══ MATERIALS PROVIDED ══
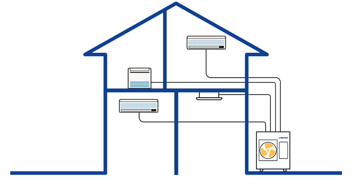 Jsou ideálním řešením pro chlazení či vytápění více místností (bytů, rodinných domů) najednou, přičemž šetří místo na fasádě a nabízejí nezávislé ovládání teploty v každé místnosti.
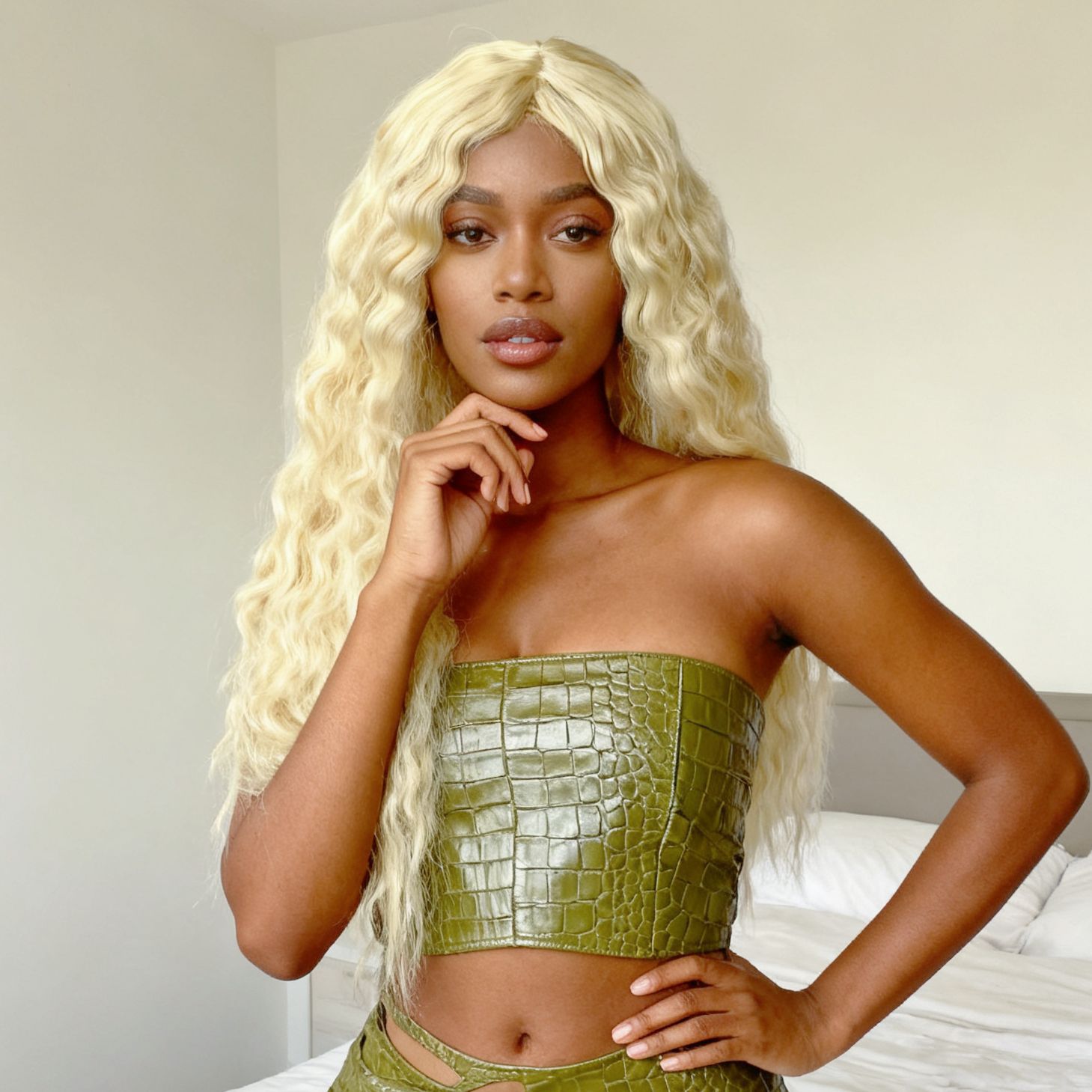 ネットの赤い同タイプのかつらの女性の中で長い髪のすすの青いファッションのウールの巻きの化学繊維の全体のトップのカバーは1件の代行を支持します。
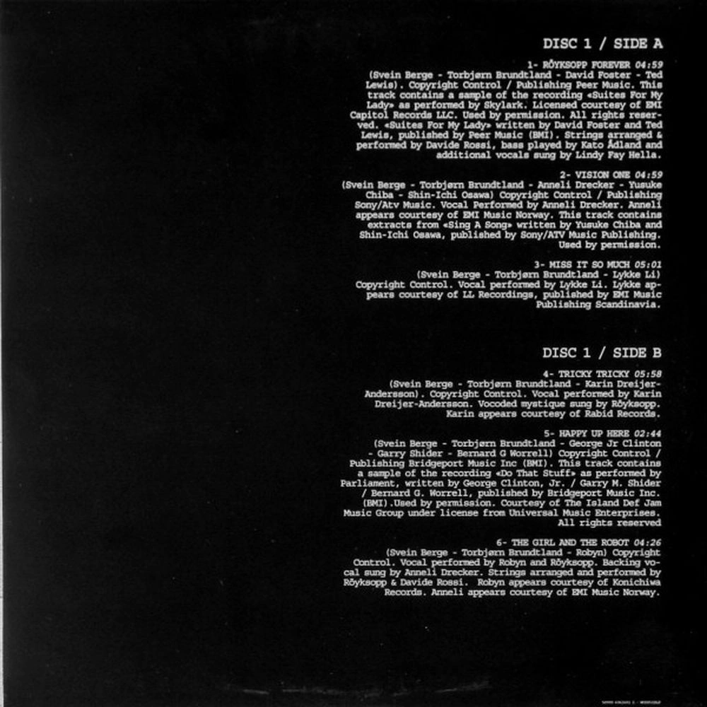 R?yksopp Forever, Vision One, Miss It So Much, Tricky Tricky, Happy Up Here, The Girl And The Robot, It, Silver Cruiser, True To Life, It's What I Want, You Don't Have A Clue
═══
══ MATERIALS PROVIDED ══
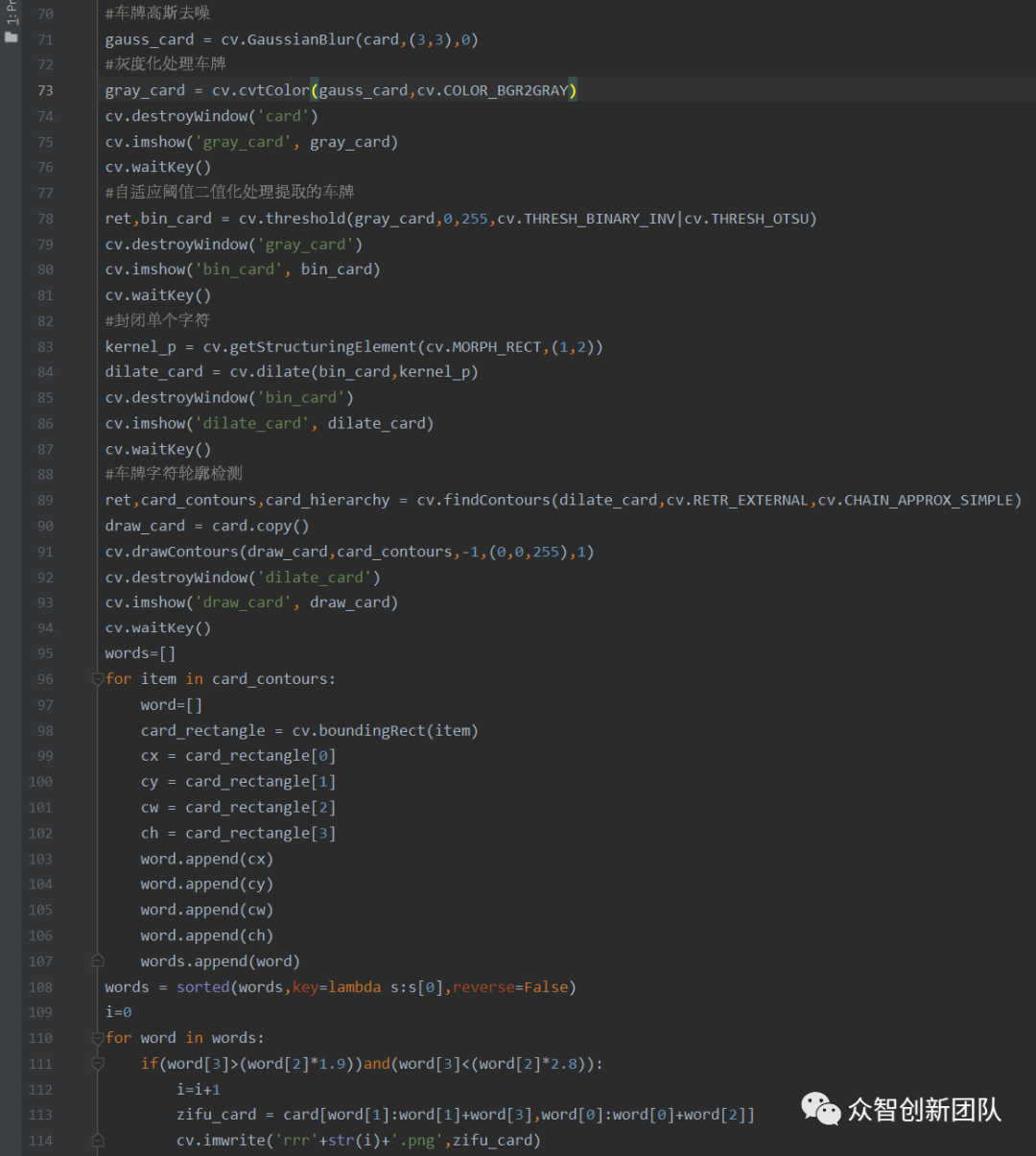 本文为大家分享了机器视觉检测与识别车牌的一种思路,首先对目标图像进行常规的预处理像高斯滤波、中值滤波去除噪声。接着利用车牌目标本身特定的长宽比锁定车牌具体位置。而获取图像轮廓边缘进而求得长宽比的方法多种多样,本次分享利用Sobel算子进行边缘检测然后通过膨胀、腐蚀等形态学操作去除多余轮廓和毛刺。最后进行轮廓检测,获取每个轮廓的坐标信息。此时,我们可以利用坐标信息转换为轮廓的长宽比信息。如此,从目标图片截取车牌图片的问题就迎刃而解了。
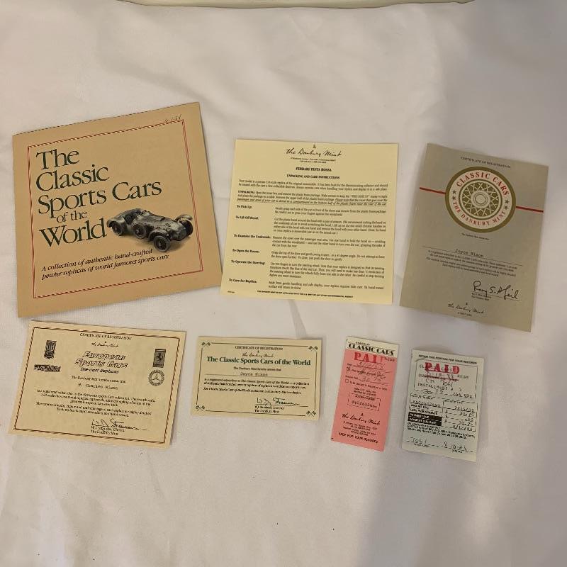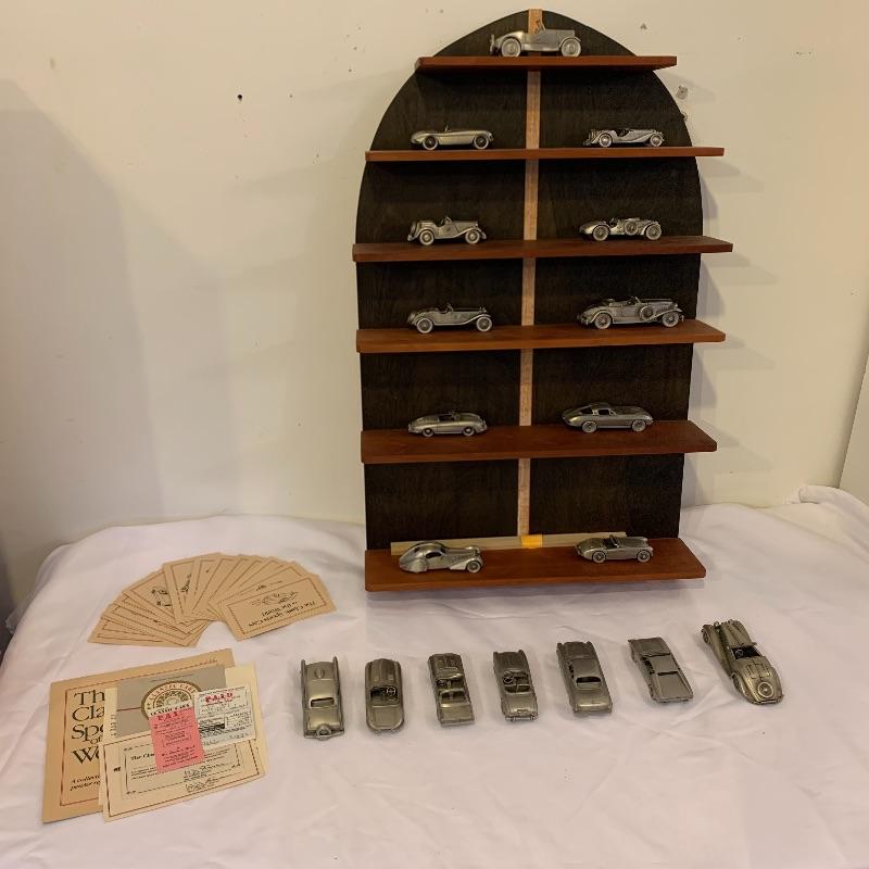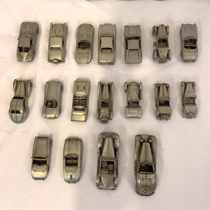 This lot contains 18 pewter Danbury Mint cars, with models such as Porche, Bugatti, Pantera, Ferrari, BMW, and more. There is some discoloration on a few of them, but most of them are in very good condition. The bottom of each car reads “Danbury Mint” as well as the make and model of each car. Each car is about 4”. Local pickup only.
═══
Using the entries above, transcribe exactly from the line that has "Jsou ideálním řešením" through the line that has "ネットの赤い同タイプのかつら". Pictures are dropped.

 Jsou ideálním řešením pro chlazení či vytápění více místností (bytů, rodinných domů) najednou, přičemž šetří místo na fasádě a nabízejí nezávislé ovládání teploty v každé místnosti.
 ネットの赤い同タイプのかつらの女性の中で長い髪のすすの青いファッションのウールの巻きの化学繊維の全体のトップのカバーは1件の代行を支持します。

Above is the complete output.